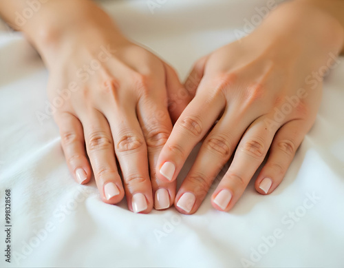 A close-up of a woman's hands with white manicured, natural-looking nails resting on a soft, white fabric
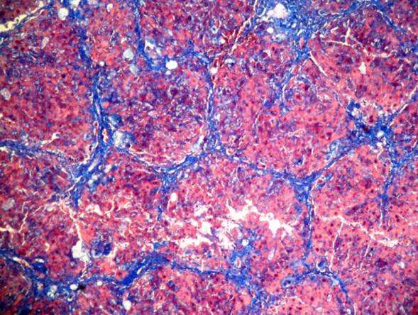 4.磷鉬酸水溶液對麗春紅、酸性復紅有分化作用,分化時鏡下控制, 肌纖維和纖維素呈紅色,膠原纖維呈淡粉紅色即可。
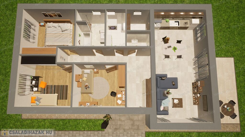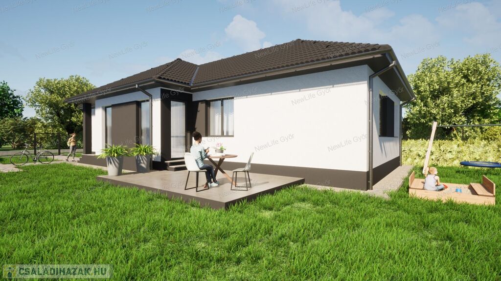 A családi házra CSOK Plusz, kedvezményes lakáshitel, illetékmentesség is igényelhető/felvehető, így az összes támogatás kihasználható rá, ami jelenleg elérhető.
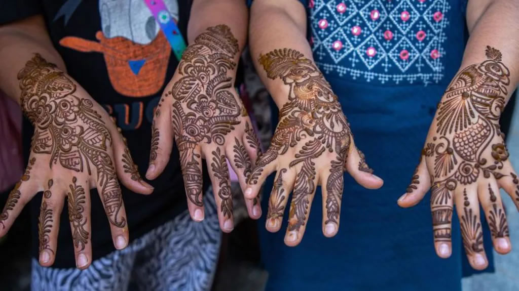 喀什米爾首府斯利那加,穆斯林女孩在宰牲節慶祝活動前展示用海娜裝飾的雙手
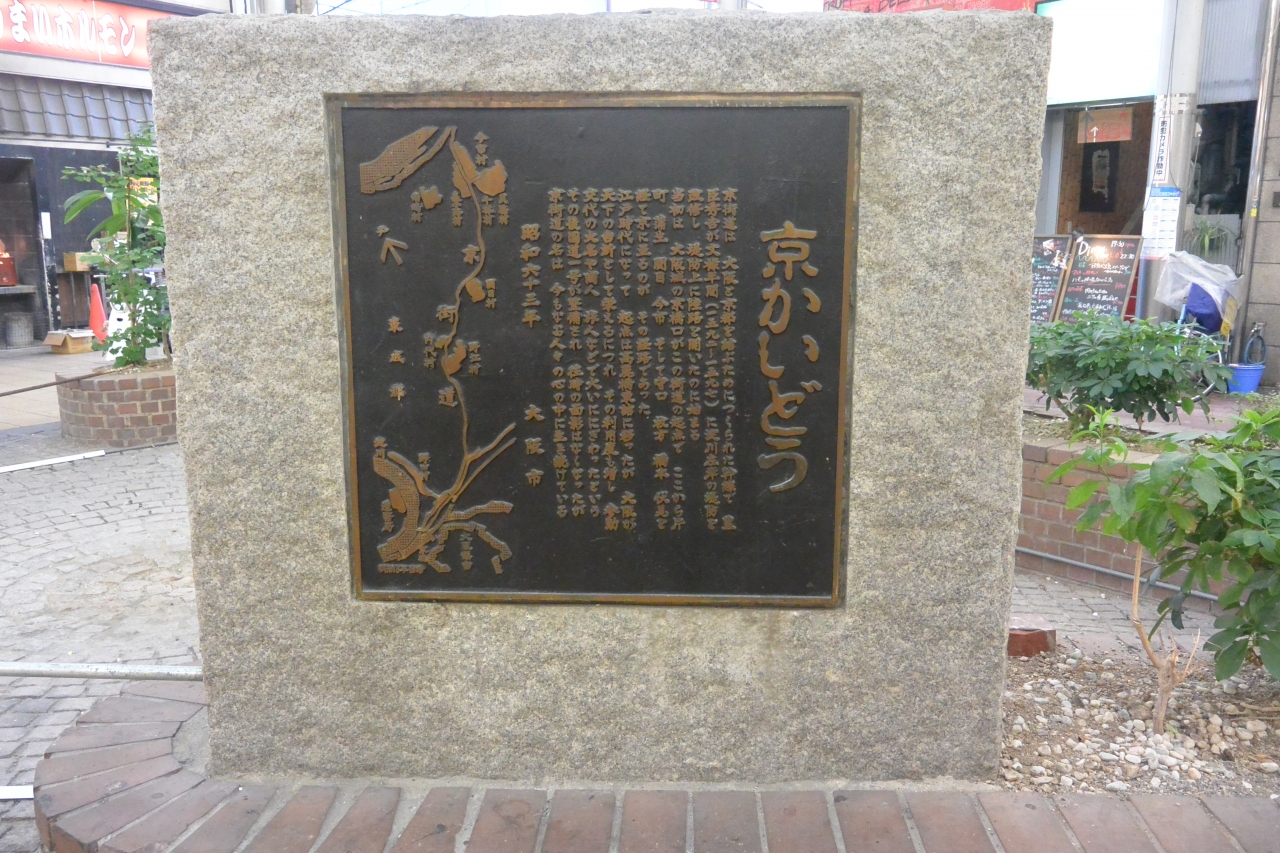 JR環状線に沿って延びている新京極商店街の真ん中あたりの、ドーム型の屋根がある広場に設置されている碑です。新京極商店街は人通りの多いアーケード街ですが、この広場はかなりのスペースがあり、混雑もしません。京街道の痕は各場所に残っているのでそれをたどる旅というのもおもしろそうですね。
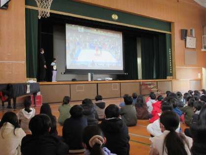 全国大会で頑張りのようすを上映し、全校児童で観ました。
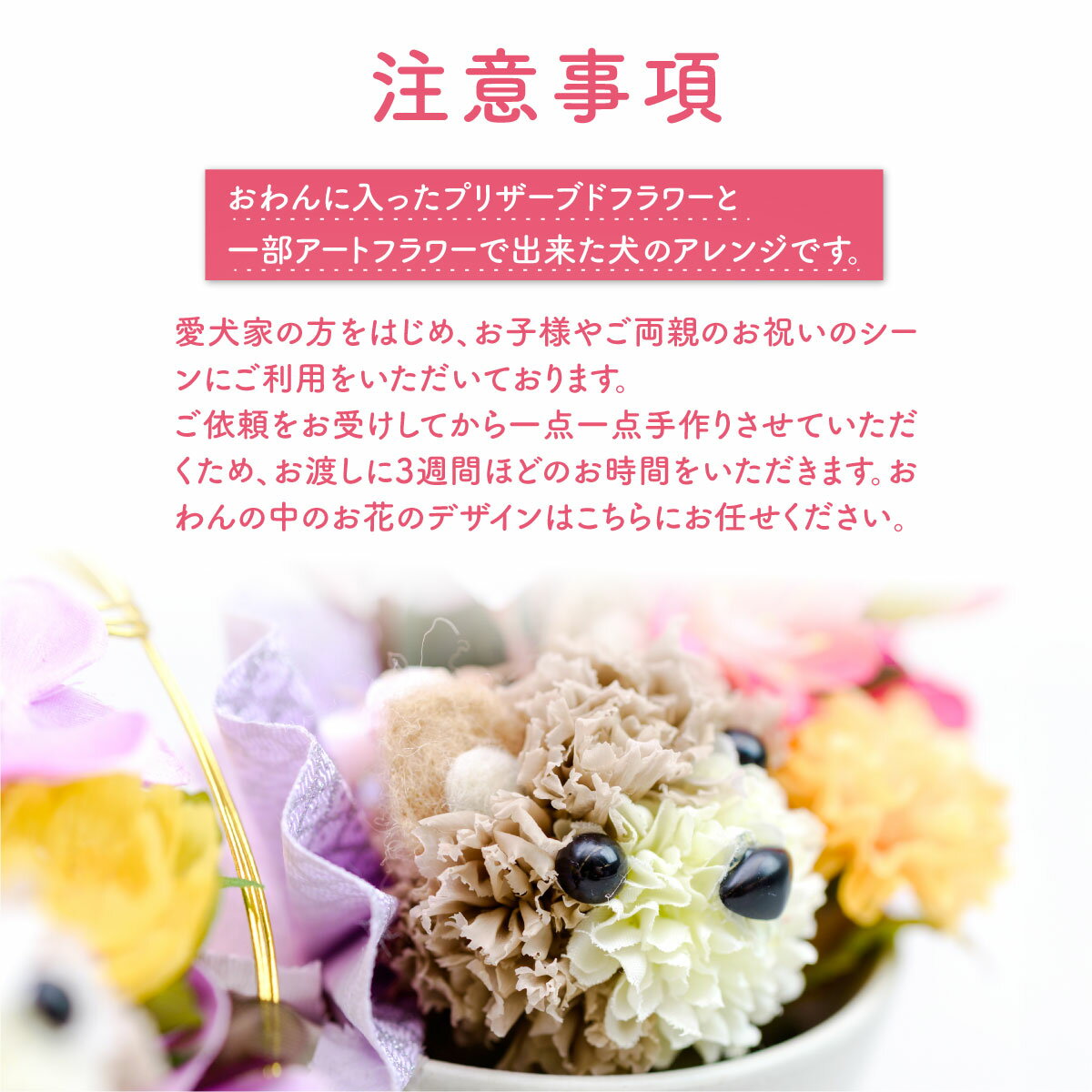 【ふるさと納税】ブリザーブドフラワーの犬のアレンジ・おわんこM 【プリザーブドフラワー アートフラワー 愛犬家 愛犬 犬 ハンドメイド 手作り お祝い プレゼント 贈答 誕生日 受注生産 フラワー 】 KWNAN001

========================================

Begin at the top of the material above and output each line exactly, stopping after the line that holds "4.磷鉬酸水溶液對麗春紅、酸". Leave out pictures.

WRITTEN ANSWER
 A close-up of a woman's hands with white manicured, natural-looking nails resting on a soft, white fabric
 4.磷鉬酸水溶液對麗春紅、酸性復紅有分化作用,分化時鏡下控制, 肌纖維和纖維素呈紅色,膠原纖維呈淡粉紅色即可。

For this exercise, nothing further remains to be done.